David Shrigley's £1 Million Old Rope Art Installation Challenges Art World
Shrigley's £1m rope art questions value in Mayfair

Artist Puts Price Tag on Discarded Rope in Mayfair Gallery

In one of London's most exclusive art districts, David Shrigley has created an installation that's both literally and figuratively heavy. The renowned British artist has filled the Stephen Friedman Gallery in Mayfair with 10 tonnes of old marine rope, salvaged from various sources and piled into towering mounds that dominate the exhibition space.

The Concept Behind the £1 Million Pile of Rope

Shrigley's work, titled 'Exhibition of Old Rope', carries an eyebrow-raising price tag of £1 million. The artist has described the installation as taking the idiom "money for old rope" to its logical, if absurd, conclusion. Most of this rope was destined for landfill, as marine rope proves particularly difficult to recycle, creating an environmental problem with endless global supply.

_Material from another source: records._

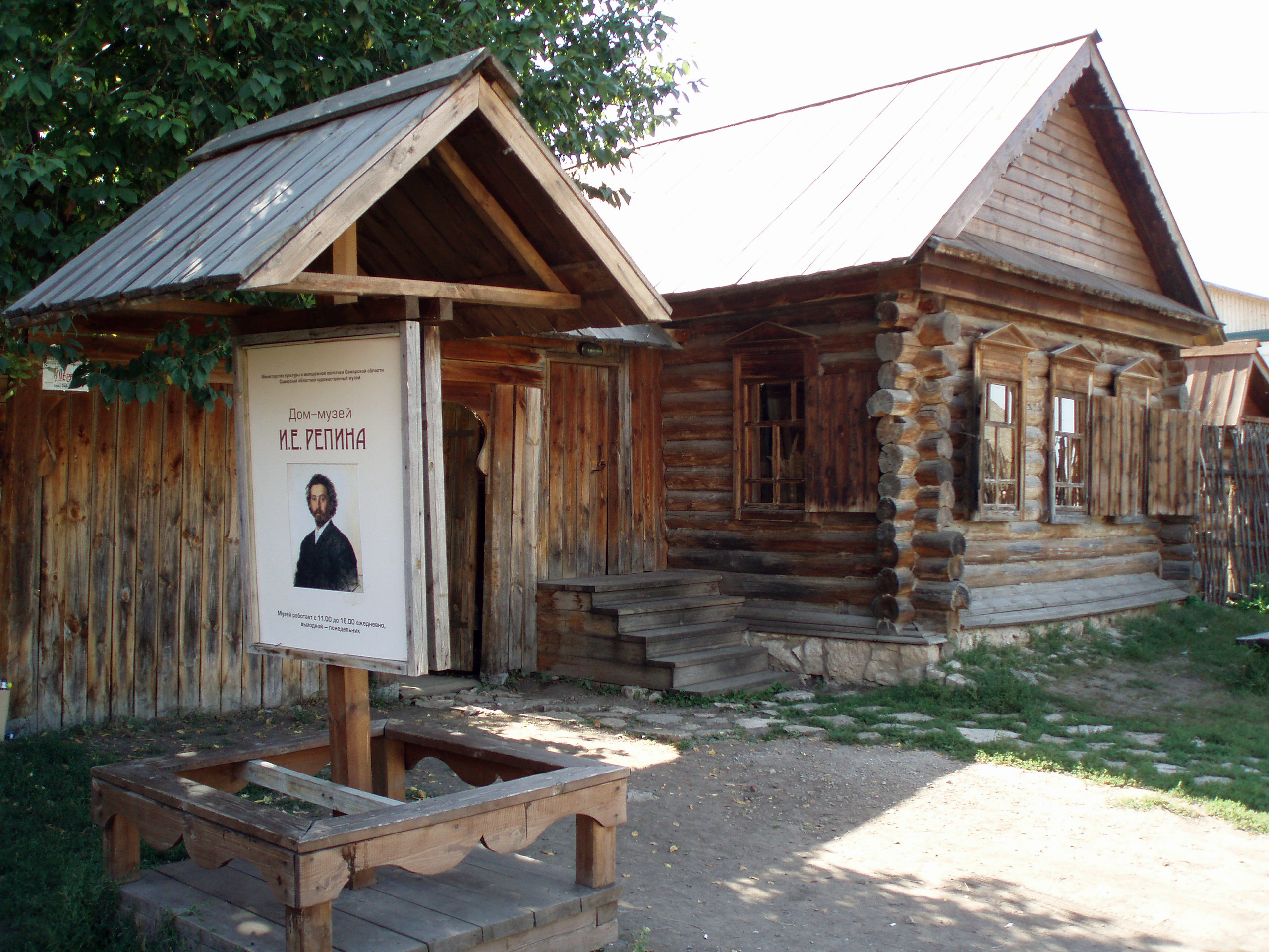 The Museum of Ilya Repin in Shiryaevo, Samara oblast, Russia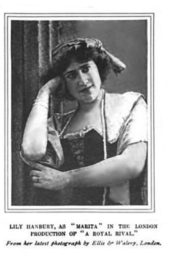 Lily Hanbury (1874 - 5 March 1908)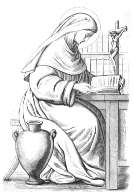 Drawing of the Galician Benedictine Saint Senorina of Basto from Charles Cahier's Caractéristiques des saints dans l'art populaire

The rope was collected over several months from diverse sources including climbing schools, tree surgeons, offshore wind farms, and scaffolders. Rather than transforming this discarded material into something conventionally beautiful or functional, Shrigley presents it exactly as found - creating what he describes as a visual one-liner in his characteristic deadpan style.

Art World Satire or Environmental Commentary?

This installation continues Shrigley's tradition of creating work that exists somewhere between profound statement and elaborate joke. While piles of discarded materials have been common in conceptual art for decades, Shrigley's approach feels particularly knowing and sarcastic. The artist seems to be gamely admitting that, on some level, the entire concept is deliberately absurd.

The work raises questions about what gives art value in today's market, echoing similar provocations by artists like Maurizio Cattelan, who famously sold a banana taped to a wall for an extraordinary sum. However, Shrigley's timing feels particularly pointed, coming as the Stephen Friedman Gallery faces its own financial challenges after announcing significant losses earlier this year.

Despite the conceptual weight, many visitors find the installation disarming and charming in typical Shrigley fashion. There's something both obscene and ridiculous about contemplating deep meanings while standing before piles of literal old rope. The work invites viewers to untangle conceptual threads that ultimately lead nowhere - which may be precisely the point.

Ultimately, Shrigley's installation serves as a mirror reflecting our own expectations of art. It challenges whether we need every artwork to weave into something sensible, or whether we can appreciate the sheer audacity of presenting old rope as million-pound art. In the artist's own tradition, it's a non-sequitur that makes you laugh even as it makes you think.